Manches muß Bruckner sich anhören, über die »gesunden und aufbauwilligen Kräfte«, die »trotz allem« im Nationalsozialismus stecken; manches über das edle nationale Pathos einer Jugend, der gegenüber »wir Älteren« eben nicht länger verständnislos ablehnend bleiben dürfen; über den »politischen Instinkt des deutschen Volkes«, seinen »gesunden Menschenverstand«, der stets das Schlimmste verhüten werde – (»Deutschland ist nicht Italien«) –: ehe er, erbittert und enttäuscht, abreist, im Herzen entschlossen, nie wiederzukehren.

Der Geheimrat Bruckner entzieht sich einer Gesellschaft – in welcher Hendrik Höfgen Triumphe feiert.“

Klaus Mann: „Mephisto. Roman einer Karriere“, Berlin/Weimar 1971 (Erstausgabe Amsterdam 1936), S. 194/195.

Tagebuch Dienstag/Mittwoch, 15./16. August 2023 – Sommer

Zwei kleine Urlaubstage. Am Mittwoch die letzten Reste des Podcastabends mit anschließendem Weinflaschenleeren beseitigt, ansonsten mit F. rumgelungert. Immer perfekt.

Gestern nichts gemacht außer zu lesen, ein bisschen zu kochen, nicht zu viel, es ist Sommer, aber scharfer Tofu geht ja immer und dauert nicht lang, die zweite Staffeln von „The Bear“ nochmal angefangen, die hatte ich beim ersten Schauen zu hektisch verfolgt.

Derzeitiges Nicht-Arbeitsbuch: Klaus Manns „Mephisto“ in schöner DDR-Gestaltung; beim letzten Besuch in Halle aus einem Antiquariat mitgenommen, hier mit Charlotte-Salomon-Lesezeichen aus dem Jüdischen Museum in Amsterdam.
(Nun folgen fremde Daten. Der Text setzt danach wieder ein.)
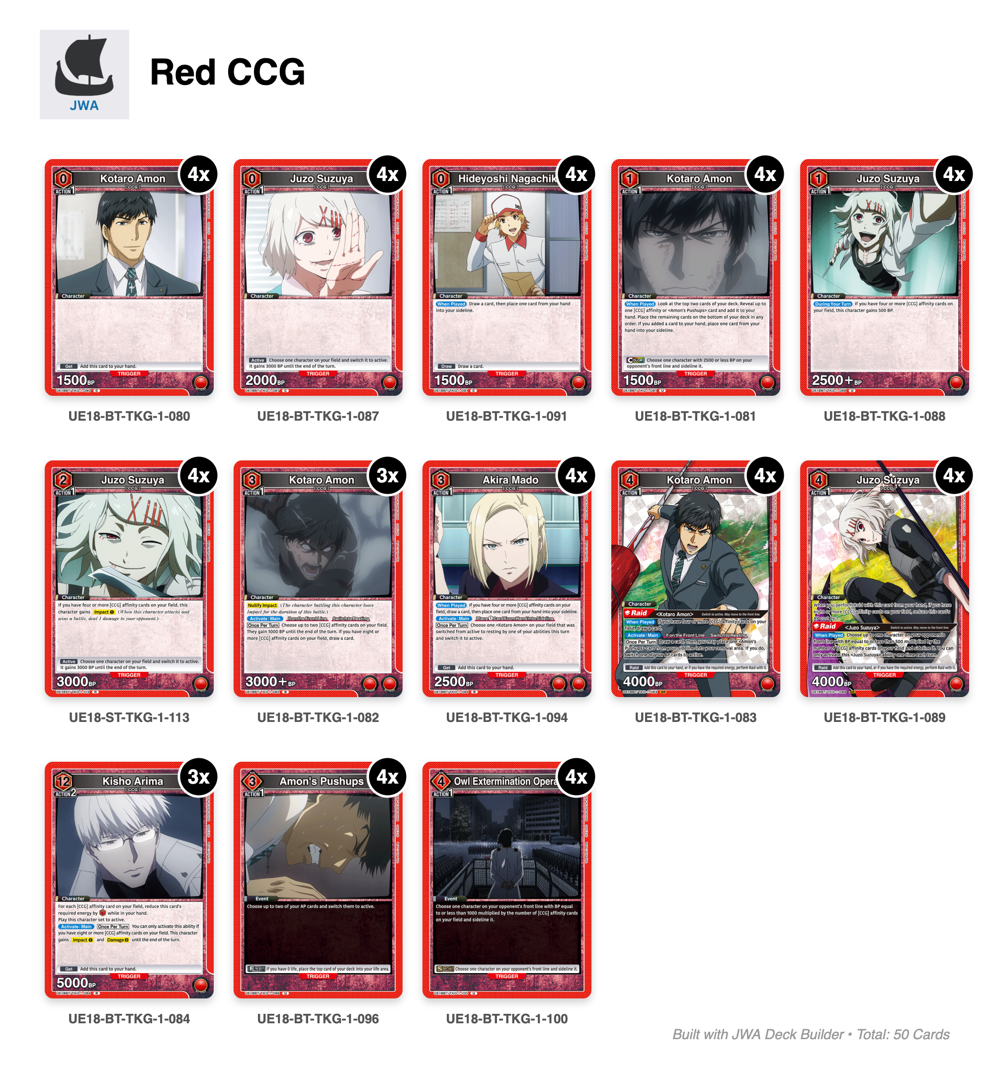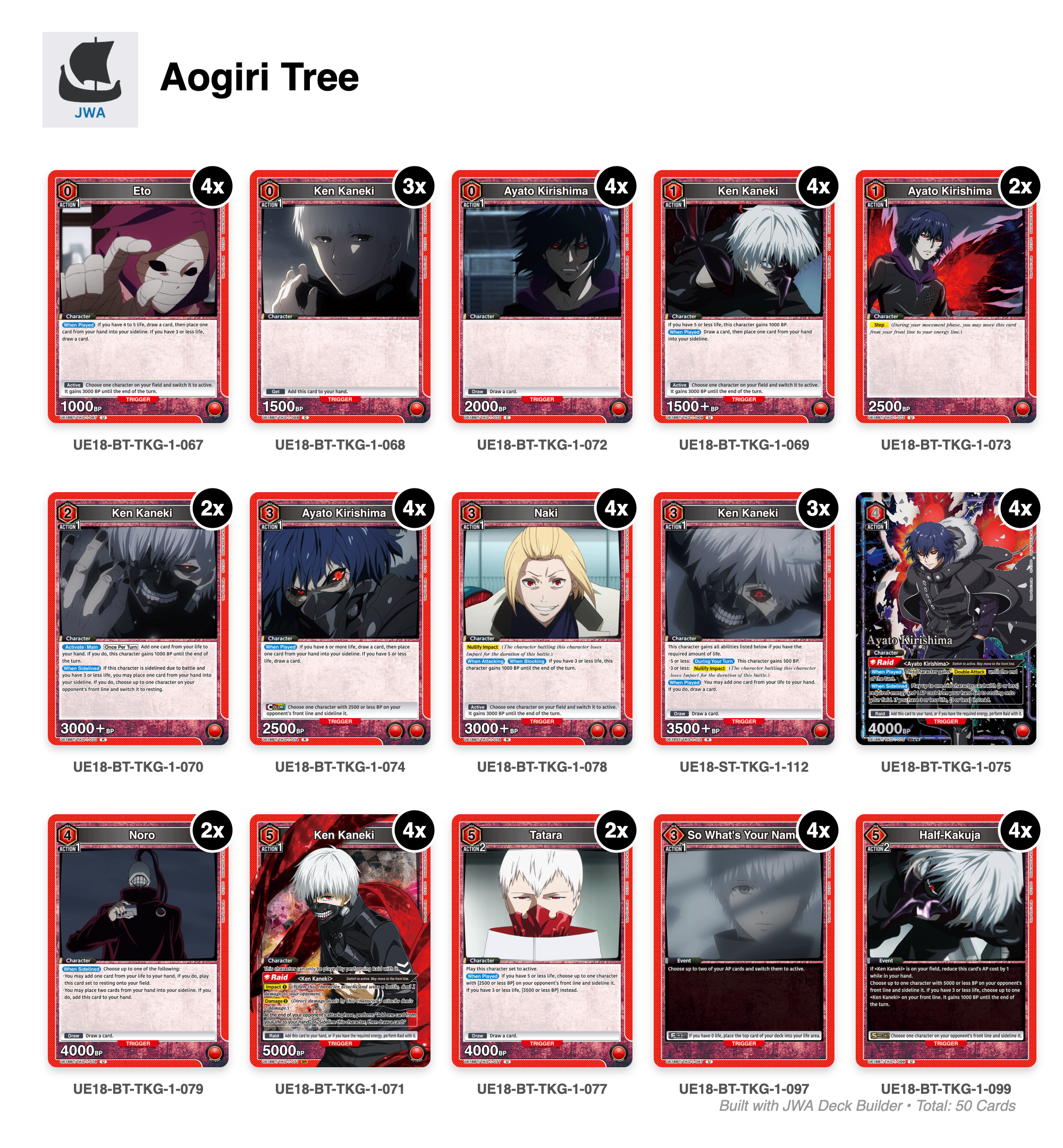Tokyo Ghoul deck list

Der Roman ist schon gemeinfrei, da Mann bereits 1949 verstarb.

„Das schöne Hotel an einem der oberbayrischen Seen hatte Nicoletta empfohlen, die das junge Paar auf seiner kleinen Hochzeitsreise begleitete. Barbara war hier sehr glücklich: sie liebte diese Landschaft, die, mit ihren hügeligen Wiesen, Wäldern und Gewässern, noch sanft, noch unpathetisch war, aber doch schon das Heroische und Kühne als ein Element und eine Möglichkeit in sich enthielt. Bei föhnigem Wetter schien das Gebirge ganz nah heranzukommen. Im Licht des Sonnenuntergangs verfärbten die zackigen Gipfel, die schneeigen Hänge sich blutig. Noch schöner aber fand Barbara ihren Anblick, wenn sie, während der Stunde vor dem Dunkelwerden, in einer erhabenen Bleichheit, in einem eisigen Frieden standen und wie geformt aus einer fremden, spröden, unendlich kostbaren, bei aller Härte sehr empfindlichen Substanz, die nicht Glas zu sein schien, nicht Metall und nicht Stein, vielmehr die seltenste und gänzlich unbekannte Materie.

Hendrik war unempfänglich für Reiz und Größe der Landschaft. Die Atmosphäre des elegant geführten Hotels beunruhigte und erregte ihn. Den Kellnern gegenüber verhielt er sich mißtrauisch und reizbar; er behauptete, daß sie ihn schlechter behandelten als die übrigen Gäste, und machte Barbara Vorwürfe, daß sie ihn jetzt schon dazu verleite, über seine Verhältnisse zu leben. Anderseits war er voll Genugtuung über das feine Milieu. »Es sind außer uns beinah nur Engländer hier!« stellte er befriedigt fest.“

Klaus Mann: „Mephisto. Roman einer Karriere“, Berlin/Weimar 1971 (Erstausgabe Amsterdam 1936), S. 128.